## Problem details
When you find the line with "Luxurious Chanel ribbon" among the records below, reproduce it and each line after it exactly, ending with the line with "アサヒビールの生ジョッキ、2個セット、約12cmの高さ。".

## Dataset entries
################
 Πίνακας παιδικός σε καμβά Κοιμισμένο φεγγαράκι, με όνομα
################
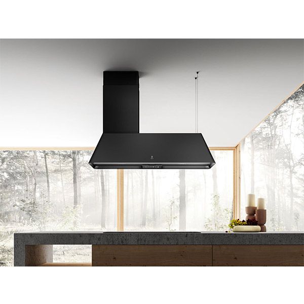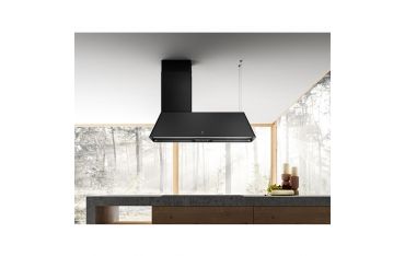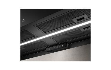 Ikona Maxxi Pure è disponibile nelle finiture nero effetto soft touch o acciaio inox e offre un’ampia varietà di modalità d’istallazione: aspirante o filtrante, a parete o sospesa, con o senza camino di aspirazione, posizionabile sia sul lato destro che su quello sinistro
################
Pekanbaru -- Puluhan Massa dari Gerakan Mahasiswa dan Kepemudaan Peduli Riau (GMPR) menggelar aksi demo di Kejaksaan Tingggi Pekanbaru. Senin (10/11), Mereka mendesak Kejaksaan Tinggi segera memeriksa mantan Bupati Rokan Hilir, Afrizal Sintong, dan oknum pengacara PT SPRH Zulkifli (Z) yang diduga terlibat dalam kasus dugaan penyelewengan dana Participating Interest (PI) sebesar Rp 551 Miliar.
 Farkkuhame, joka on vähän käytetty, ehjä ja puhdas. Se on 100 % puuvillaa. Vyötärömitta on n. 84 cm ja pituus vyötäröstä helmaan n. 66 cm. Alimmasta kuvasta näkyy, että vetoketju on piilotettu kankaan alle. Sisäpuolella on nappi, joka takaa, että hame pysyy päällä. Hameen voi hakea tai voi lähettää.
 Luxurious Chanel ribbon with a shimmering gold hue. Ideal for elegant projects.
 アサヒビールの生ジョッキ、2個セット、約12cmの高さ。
################
## Answer to this exercise
 Luxurious Chanel ribbon with a shimmering gold hue. Ideal for elegant projects.
 アサヒビールの生ジョッキ、2個セット、約12cmの高さ。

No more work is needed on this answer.